→ EXERCISE DATA:

....

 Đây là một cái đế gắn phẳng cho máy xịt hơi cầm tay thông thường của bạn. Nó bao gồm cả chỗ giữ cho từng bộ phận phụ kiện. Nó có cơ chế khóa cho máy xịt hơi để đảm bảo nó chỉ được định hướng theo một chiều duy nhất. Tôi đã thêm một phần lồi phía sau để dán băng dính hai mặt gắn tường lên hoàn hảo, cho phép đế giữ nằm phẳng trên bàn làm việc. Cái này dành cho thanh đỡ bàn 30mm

....

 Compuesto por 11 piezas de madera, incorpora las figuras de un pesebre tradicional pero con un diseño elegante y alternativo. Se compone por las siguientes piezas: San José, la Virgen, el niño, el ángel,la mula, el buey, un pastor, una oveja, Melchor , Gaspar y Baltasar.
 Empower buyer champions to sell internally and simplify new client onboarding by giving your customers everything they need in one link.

....

→ WHAT THE EXERCISE ASKS: All lines above from the one containing "Compuesto por 11" to the one containing "Empower buyer champions" must be repeated exactly, both lines included, and no others.

→ EXERCISE RESULT:
 Compuesto por 11 piezas de madera, incorpora las figuras de un pesebre tradicional pero con un diseño elegante y alternativo. Se compone por las siguientes piezas: San José, la Virgen, el niño, el ángel,la mula, el buey, un pastor, una oveja, Melchor , Gaspar y Baltasar.
 Empower buyer champions to sell internally and simplify new client onboarding by giving your customers everything they need in one link.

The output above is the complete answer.